WCT:  I read that you’re interested in doing a feature that focuses on men on the down low.  Is that or any other gay themed movie
in the pipeline?  Because I want you to do a big gay movie.

LD:  Me too.  You know I was going to do
Brokeback Mountain.  That was the most devastating thing.  It’s a very sore subject and I
really want to delve deep into the down low in a way that is my version of
American Beauty where we really understand it and it’s affect
on the community and on African American women.  Because when I went to do research for Precious at the Gay Men’s Health Crisis
in Chelsea (in Manhattan) and Marjorie the fabulous black woman.  Honey, she gave me some information that was staggering.  The
people that were in there were not gay men.  Primarily they were African American women.  And that shit was deep.  I mean, what
the fuck?  Gay men – we have our shit together for the most part.  But women who are in love with these FedEx workers and these
UPS men they got their legs spread wider than Baryshnikov, you know?  And they’re infecting our women and it’s very disturbing to
me because they’re afraid to be out in the church and lose their jobs and lose their friends and be disconnected from the family.  It’s
very hard being out, man.  Ain’t no fuckin’ joke.  Everybody thinks it’s so easy to be out.  It is not easy being out.  I’d fuckin’ have
an office on Sunset Boulevard right now (laughs) if I were on the DL.  Life is easier.

WCT:  That reminds me that several gay directors have gone on the record saying that it might be prudent for leading man types to
stay closeted at this time.  How do you feel about that Lee?

LD:  I feel horrible.  I feel horrible.  I have to say that I in the beginning was like that.  “Oh, he’s gay.  He shows.”  Now what does
that say?  I think that’s self-hatred.  In the beginning of my career I was a perpetuator of that whole thing.  I know guys now who
are decision makers that do that, “Oh, he’s gay we can’t hire him.”  Well fuck that.  You know what?  In any seed are the mavericks
of the world like my very good friend Rupert Everett.  Could things have gone differently for him had he not at the height of his
career exposed himself?  We’re more open, society is, to women that do it but I think that this is too much.  But I don’t think it’s
going to be for long, though.  I’m not just being optimistic.  I really don’t believe that race or sexual gender will be I pray in my
lifetime but I know very soon will not be as much of an issue.

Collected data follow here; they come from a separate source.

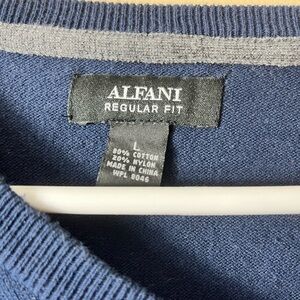 Alfani Men's Navy V-Neck Basic Knit Sweater Lightweight Large Academia Preppy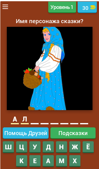Узнаёте персонаж с первого раза? Составляйте его имя, получайте монеты и переходите на следующий уровень.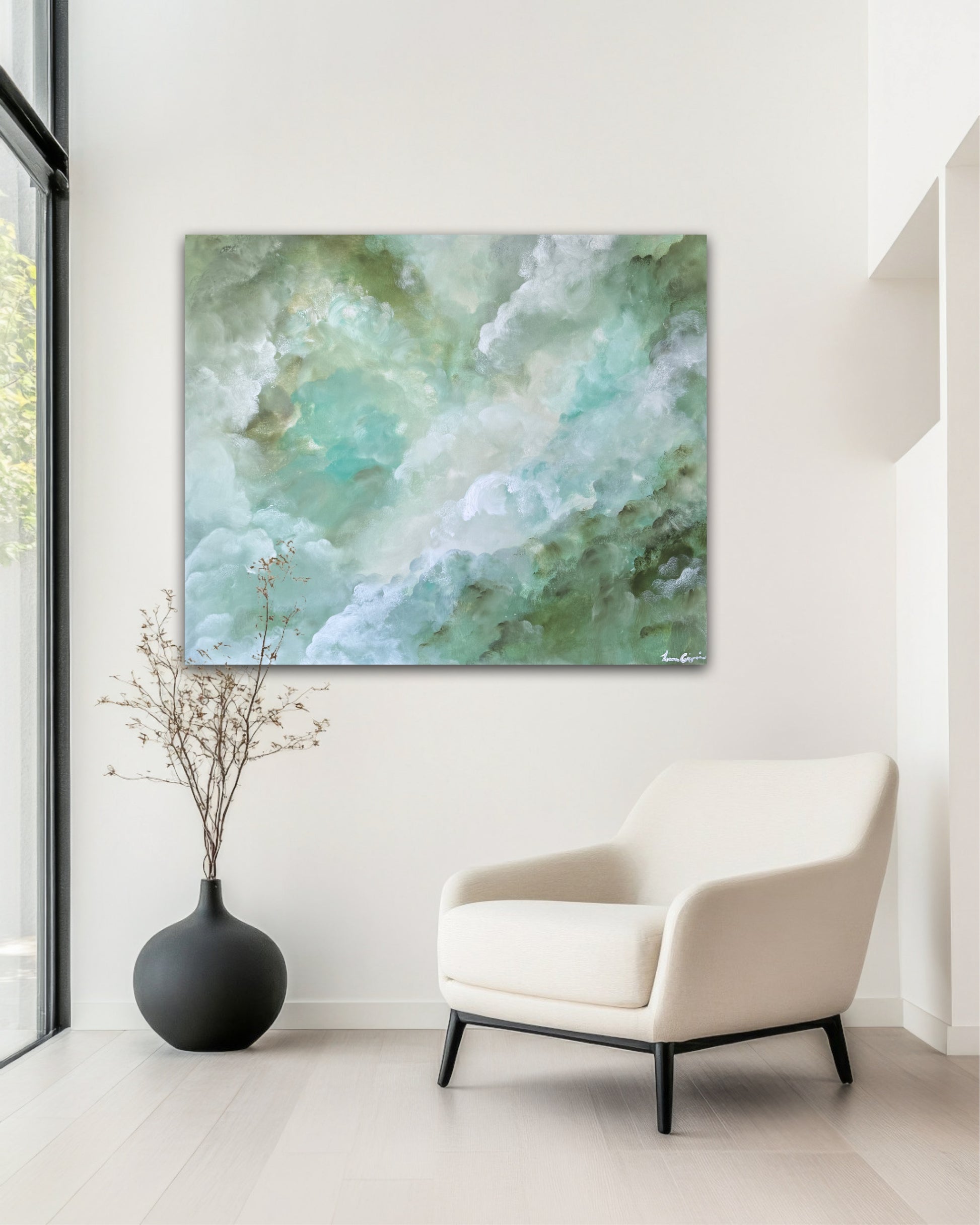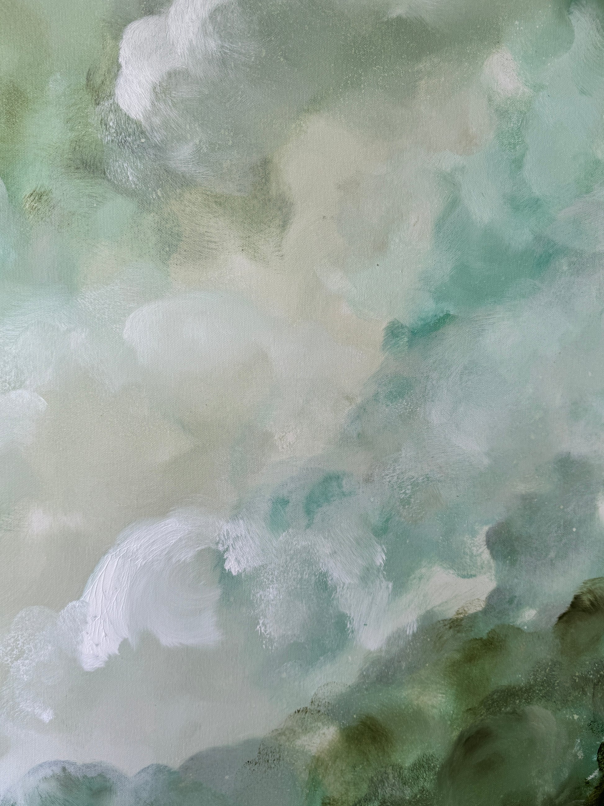 A soft, flowing abstract inspired by nature's quiet moments. Gentle layers of green, aqua and beige move across the canvas like mist over water. Designed to bring balance, light and serenity into a room.

WCT:  There’s a lot to tackle.

LD:  So much I want to do.  It’s all hitting me at once but I have to stay focused and pray that two people see
Precious so I’m doing
the dog and pony show first before I really commit wholeheartedly to the next thing.  I think gay men and women will so identify with
the characters and the truth in this because they’re especially Precious.